Records excerpted from a collection:
┄┄┄┄┄┄┄┄┄┄

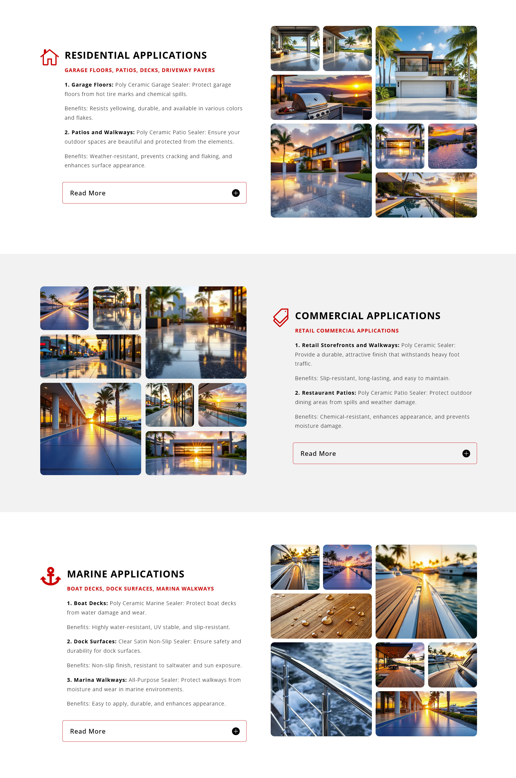 Garage Floors: The Poly Ceramic Garage Sealer prevents damage from hot tire marks and chemical spills, with benefits like resistance to yellowing and customizable colors.
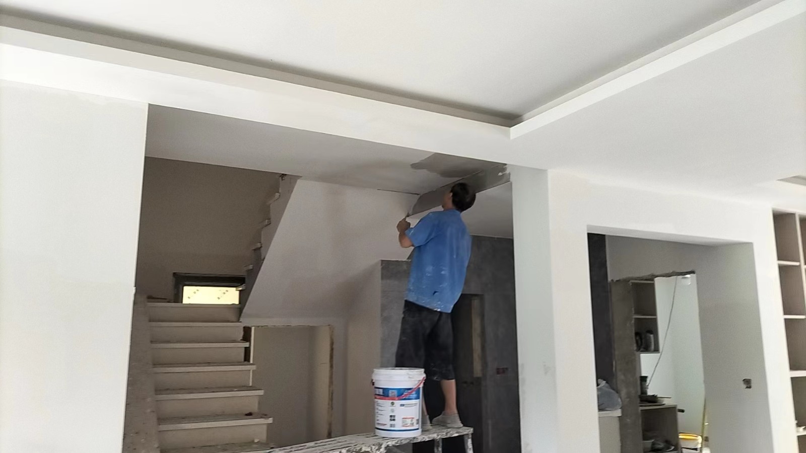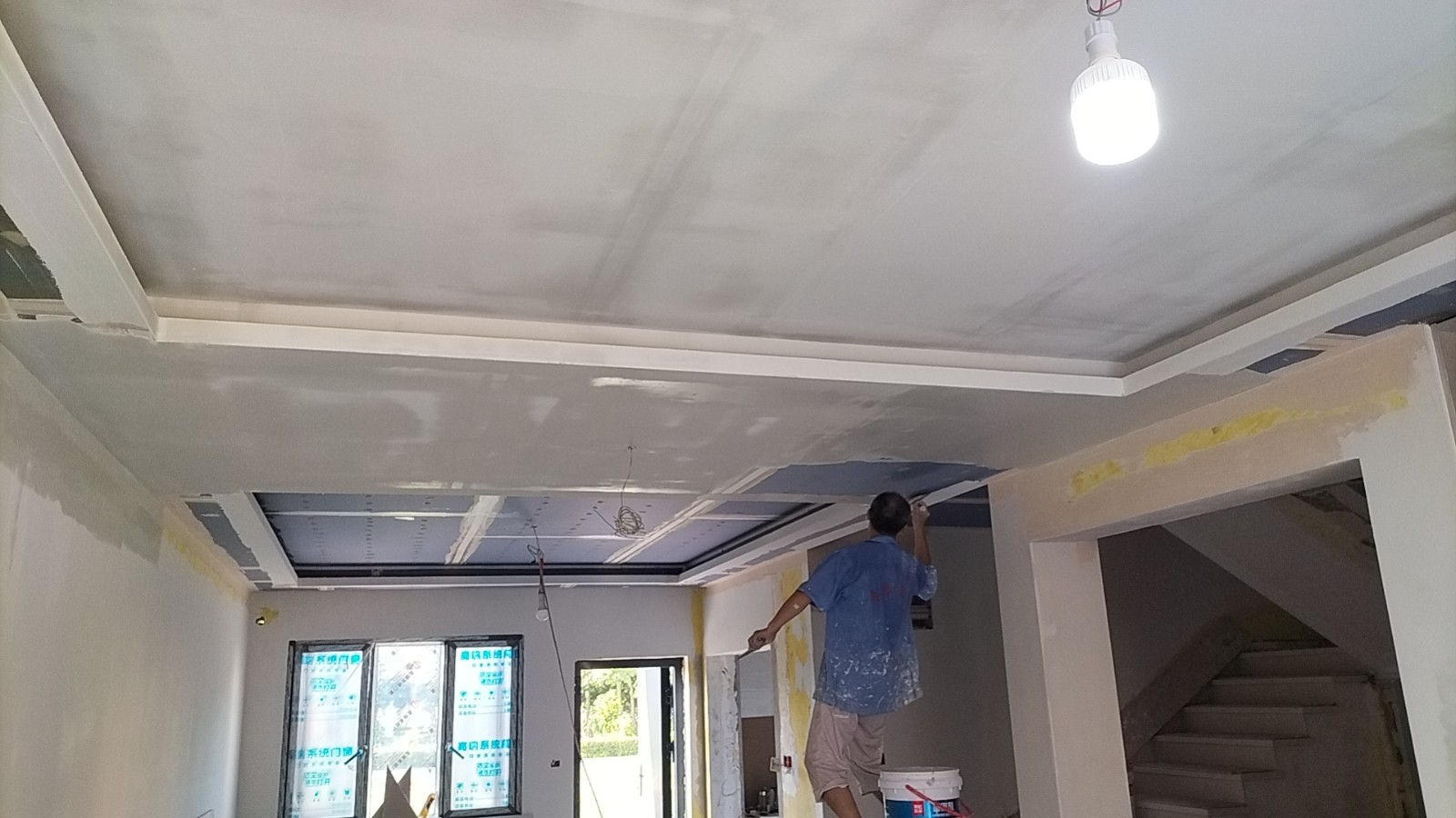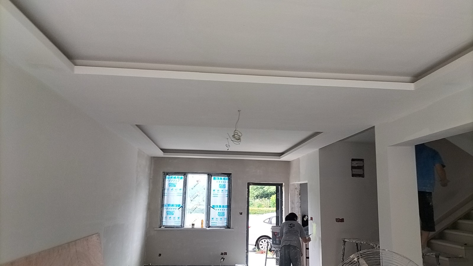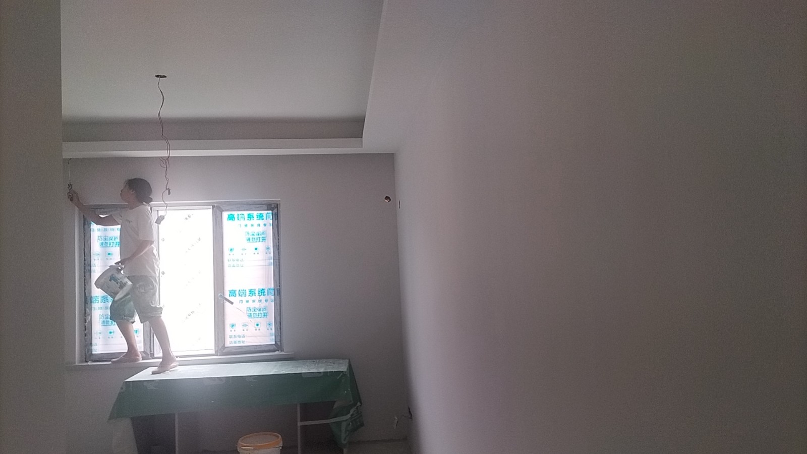 施工阶段:油漆阶段,第二遍乳胶漆完成,等待干透后刷第三遍。
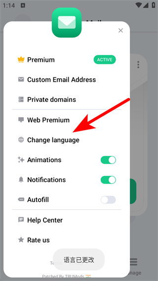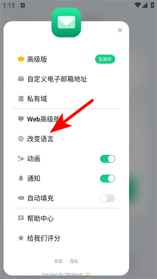 2、在功能选项列表中,点击改变语言,进入语言选择的页面。
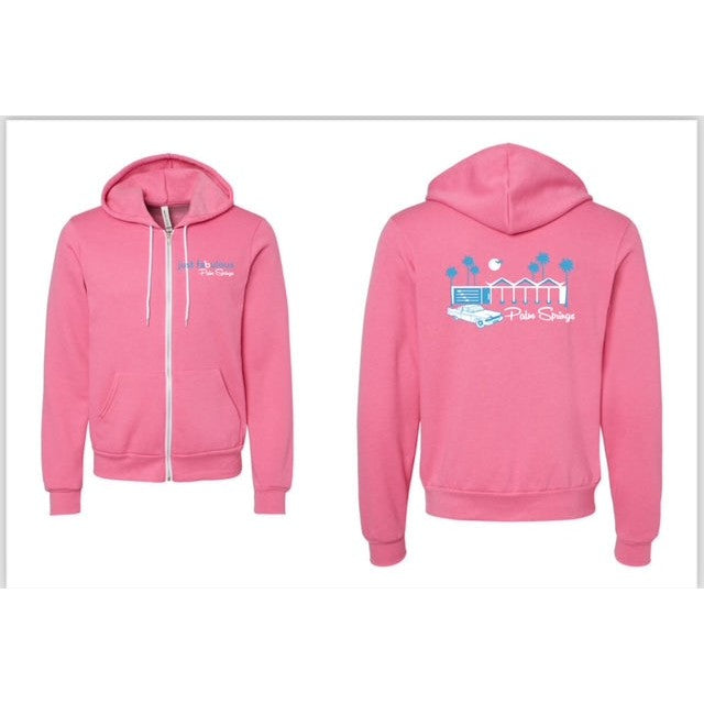 Zig Zag Zip Up Fleece Hoodie - Charity Pink/Teal
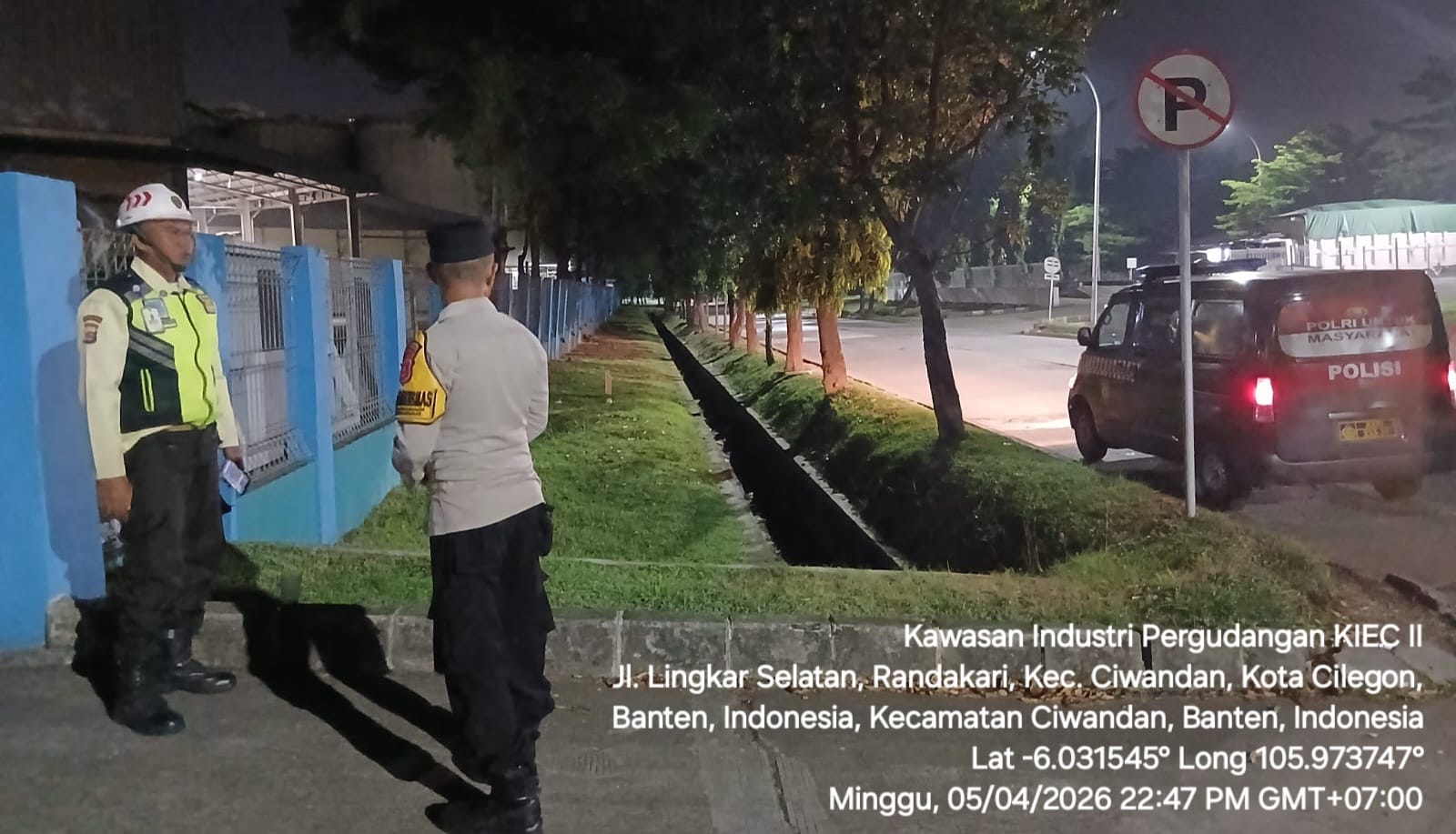 Kapolres Cilegon Polda Banten AKBP Dr. Martua Raja Taripar Laut Silitonga Melalui Kapolsek Ciwandan Polres Cilegon Polda Banten KOMPOL Achri Dwi Yunito Mengatakan Pada kesempatan tersebut, Personil Polsek Ciwandan melaksanakan sambang Dan Patroli dialogis dengan memberikan imbauan kepada petugas security perusahaan agar meningkatkan kewaspadaan terhadap situasi di sekitar perusahaan.

┄┄┄┄┄┄┄┄┄┄

ACTION ITEM: All entries are to be duplicated exactly, with the pictures left out.

SOLUTION TO THIS PROBLEM:
 Garage Floors: The Poly Ceramic Garage Sealer prevents damage from hot tire marks and chemical spills, with benefits like resistance to yellowing and customizable colors.
 施工阶段:油漆阶段,第二遍乳胶漆完成,等待干透后刷第三遍。
 2、在功能选项列表中,点击改变语言,进入语言选择的页面。
 Zig Zag Zip Up Fleece Hoodie - Charity Pink/Teal
 Kapolres Cilegon Polda Banten AKBP Dr. Martua Raja Taripar Laut Silitonga Melalui Kapolsek Ciwandan Polres Cilegon Polda Banten KOMPOL Achri Dwi Yunito Mengatakan Pada kesempatan tersebut, Personil Polsek Ciwandan melaksanakan sambang Dan Patroli dialogis dengan memberikan imbauan kepada petugas security perusahaan agar meningkatkan kewaspadaan terhadap situasi di sekitar perusahaan.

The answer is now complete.